Proposed Changes / New Functionality

C++ sampling layer:

  • leapfrog_constrained_checked() in leapfrog.h/.cpp: runs forward step,
    then reverse half-step, compares positions. Returns a reversible flag
    alongside the usual position/momentum.
  • nuts_step() and hmc_step() in nuts.h/.cpp and hmc.h/.cpp: accept
    reverse_check and reverse_check_tol parameters. Non-reversible steps
    set s_prime = 0, n_prime = 0 (tree terminates, proposal rejected).
  • StepResult and ChainResult extended with non_reversible field.
  • SamplerConfig stores reverse_check = true and
    reverse_check_tol = 0.5 as internal defaults (not exposed to R).
  • Phase-aware enforcement in sampler_base.h: the check observes during
    warmup and enforces (rejects) during sampling.

R output layer:

  • non_reversible counts stored per iteration in chain_result.
  • Surfaced through nuts_diagnostics as nuts_diag$non_reversible and
    nuts_diag$summary$total_non_reversible.

The reversibility check is always on. There is no user-facing parameter to
disable it.

Type of Change

  • New feature
  • Performance optimization

The constrained leapfrog now runs a forward + backward step, approximately
doubling the leapfrog cost. On the Wenchuan dataset (p=17), elapsed time
increases from ~3s to ~6s compared to main.

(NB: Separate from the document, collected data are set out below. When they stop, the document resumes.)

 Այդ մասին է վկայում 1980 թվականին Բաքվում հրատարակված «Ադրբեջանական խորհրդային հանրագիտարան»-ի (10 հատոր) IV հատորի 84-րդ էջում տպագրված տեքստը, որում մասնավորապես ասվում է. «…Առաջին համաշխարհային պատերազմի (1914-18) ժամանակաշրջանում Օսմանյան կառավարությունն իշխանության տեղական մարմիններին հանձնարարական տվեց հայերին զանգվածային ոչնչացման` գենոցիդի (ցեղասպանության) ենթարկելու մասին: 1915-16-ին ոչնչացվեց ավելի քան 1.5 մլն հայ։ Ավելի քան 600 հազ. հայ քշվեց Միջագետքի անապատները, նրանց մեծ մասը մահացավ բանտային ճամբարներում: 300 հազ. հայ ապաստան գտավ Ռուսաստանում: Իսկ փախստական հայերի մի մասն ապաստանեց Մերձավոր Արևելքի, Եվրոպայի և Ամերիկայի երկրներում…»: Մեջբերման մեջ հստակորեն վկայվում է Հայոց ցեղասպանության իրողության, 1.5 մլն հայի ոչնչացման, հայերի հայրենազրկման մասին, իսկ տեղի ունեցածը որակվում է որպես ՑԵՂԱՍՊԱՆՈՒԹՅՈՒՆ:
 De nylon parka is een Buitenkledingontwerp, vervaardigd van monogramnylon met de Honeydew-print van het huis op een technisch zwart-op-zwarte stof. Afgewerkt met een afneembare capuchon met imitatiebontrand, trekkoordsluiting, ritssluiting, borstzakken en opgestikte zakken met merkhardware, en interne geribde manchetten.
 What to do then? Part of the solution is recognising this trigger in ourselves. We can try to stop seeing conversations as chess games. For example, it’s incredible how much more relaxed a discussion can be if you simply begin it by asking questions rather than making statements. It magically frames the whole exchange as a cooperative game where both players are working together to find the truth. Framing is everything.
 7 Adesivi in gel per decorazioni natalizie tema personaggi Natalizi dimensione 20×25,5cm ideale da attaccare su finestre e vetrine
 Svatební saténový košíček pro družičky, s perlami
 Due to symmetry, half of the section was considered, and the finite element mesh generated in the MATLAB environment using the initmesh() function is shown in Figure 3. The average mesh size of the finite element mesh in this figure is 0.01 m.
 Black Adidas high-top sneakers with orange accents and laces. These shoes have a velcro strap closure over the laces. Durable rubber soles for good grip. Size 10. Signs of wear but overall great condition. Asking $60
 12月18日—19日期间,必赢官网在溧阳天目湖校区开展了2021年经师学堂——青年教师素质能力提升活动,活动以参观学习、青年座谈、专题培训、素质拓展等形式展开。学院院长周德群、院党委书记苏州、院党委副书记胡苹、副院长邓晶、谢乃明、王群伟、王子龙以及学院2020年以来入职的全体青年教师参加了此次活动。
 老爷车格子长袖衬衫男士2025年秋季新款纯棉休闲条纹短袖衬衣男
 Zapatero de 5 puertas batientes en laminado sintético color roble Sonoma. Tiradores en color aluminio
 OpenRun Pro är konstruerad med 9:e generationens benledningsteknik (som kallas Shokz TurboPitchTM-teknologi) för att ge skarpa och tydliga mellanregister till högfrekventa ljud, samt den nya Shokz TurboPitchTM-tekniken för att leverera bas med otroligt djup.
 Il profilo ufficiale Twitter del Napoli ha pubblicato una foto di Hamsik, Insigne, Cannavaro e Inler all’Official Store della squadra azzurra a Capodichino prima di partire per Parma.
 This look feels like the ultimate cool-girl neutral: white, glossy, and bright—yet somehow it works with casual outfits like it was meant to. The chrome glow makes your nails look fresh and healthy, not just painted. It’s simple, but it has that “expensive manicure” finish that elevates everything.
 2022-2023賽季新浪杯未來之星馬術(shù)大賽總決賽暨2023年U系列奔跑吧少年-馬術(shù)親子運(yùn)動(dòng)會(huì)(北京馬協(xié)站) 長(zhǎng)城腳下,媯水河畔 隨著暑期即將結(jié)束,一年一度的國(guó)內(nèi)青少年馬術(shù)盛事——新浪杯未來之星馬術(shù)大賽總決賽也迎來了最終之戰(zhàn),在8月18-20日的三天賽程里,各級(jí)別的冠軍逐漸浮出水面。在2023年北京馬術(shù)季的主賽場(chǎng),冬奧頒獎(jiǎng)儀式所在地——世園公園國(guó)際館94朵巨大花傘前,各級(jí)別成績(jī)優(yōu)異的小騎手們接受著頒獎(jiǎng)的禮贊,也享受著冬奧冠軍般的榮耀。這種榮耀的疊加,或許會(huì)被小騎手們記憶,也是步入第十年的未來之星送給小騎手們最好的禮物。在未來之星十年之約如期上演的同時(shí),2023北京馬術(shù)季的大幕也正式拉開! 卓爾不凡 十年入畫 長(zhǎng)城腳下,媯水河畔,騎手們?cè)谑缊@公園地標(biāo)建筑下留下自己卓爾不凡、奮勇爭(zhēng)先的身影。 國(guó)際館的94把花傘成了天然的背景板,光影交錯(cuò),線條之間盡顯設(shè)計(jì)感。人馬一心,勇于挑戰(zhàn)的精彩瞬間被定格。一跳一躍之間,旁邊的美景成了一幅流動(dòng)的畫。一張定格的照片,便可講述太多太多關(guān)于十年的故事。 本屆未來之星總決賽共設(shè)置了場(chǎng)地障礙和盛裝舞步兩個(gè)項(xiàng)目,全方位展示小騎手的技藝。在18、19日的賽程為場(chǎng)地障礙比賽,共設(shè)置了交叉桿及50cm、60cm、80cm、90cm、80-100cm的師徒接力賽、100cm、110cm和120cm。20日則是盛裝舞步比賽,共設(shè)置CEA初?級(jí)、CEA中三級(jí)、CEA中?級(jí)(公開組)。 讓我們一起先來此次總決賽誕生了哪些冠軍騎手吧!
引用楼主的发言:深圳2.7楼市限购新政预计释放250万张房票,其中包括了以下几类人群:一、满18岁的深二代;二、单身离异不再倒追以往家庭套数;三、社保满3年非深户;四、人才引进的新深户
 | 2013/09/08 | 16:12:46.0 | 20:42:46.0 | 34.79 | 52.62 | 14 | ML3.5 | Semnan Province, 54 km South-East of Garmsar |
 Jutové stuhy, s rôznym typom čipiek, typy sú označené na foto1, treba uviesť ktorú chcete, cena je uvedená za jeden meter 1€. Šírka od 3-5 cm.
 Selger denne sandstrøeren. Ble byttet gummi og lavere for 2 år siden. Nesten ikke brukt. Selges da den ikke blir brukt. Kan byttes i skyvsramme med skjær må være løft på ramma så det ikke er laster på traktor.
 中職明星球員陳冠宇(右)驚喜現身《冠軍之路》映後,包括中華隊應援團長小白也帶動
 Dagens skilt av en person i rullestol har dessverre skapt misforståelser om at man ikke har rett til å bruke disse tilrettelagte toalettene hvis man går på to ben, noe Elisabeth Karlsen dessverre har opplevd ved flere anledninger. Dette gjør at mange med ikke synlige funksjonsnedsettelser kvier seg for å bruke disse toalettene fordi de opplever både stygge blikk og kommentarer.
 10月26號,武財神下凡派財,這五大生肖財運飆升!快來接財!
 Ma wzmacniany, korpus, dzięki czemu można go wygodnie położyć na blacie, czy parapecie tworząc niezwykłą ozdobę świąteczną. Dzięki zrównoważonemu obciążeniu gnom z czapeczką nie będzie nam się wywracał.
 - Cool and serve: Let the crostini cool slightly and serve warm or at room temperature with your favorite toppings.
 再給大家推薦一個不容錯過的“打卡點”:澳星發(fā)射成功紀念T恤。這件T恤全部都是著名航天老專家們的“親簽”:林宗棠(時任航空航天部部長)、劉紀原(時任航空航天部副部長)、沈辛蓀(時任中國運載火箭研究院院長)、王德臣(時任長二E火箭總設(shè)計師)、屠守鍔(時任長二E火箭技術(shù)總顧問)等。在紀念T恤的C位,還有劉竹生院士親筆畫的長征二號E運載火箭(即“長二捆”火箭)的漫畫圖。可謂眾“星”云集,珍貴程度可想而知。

This is the expected cost of
the round-trip check.

Documentation and Release Notes

  • Updated function documentation for any signature or behaviour changes
  • Regenerated man/*.Rd files if roxygen comments changed
  • Added or updated NEWS.md entry if the change affects users

Testing and Validation

14 tests in test-reversibility-check.R:

Unit-level (C++ test interface):

  • Well-behaved steps pass the check (non_reversible_count = 0)
  • Checked leapfrog matches unchecked positions to 1e-12
  • Impossibly tight tolerance (1e-11) triggers non-reversible detections
  • Large step sizes (eps=0.5) with near-machine-epsilon tolerance catches
    round-trip drift
  • Long trajectory (200 constrained leapfrog steps) stays reversible at
    normal tolerance
  • Rank-deficient regime (n=5, p=8) stays reversible
  • Ill-conditioned data (condition number > 1e3) stays reversible

Integration-level (bgm()):

  • non_reversible diagnostic field present in bgm() output

  • High-dimensional GGM (p=20, edge selection) completes without crash

  • Added or updated tests in tests/testthat/ when needed

  • Ran the project styler

  • Ran lintr::lint_package()

  • Ran roxygen2::roxygenise() if roxygen comments changed

  • Ran rcmdcheck::rcmdcheck(args = c("--no-manual", "--as-cran"))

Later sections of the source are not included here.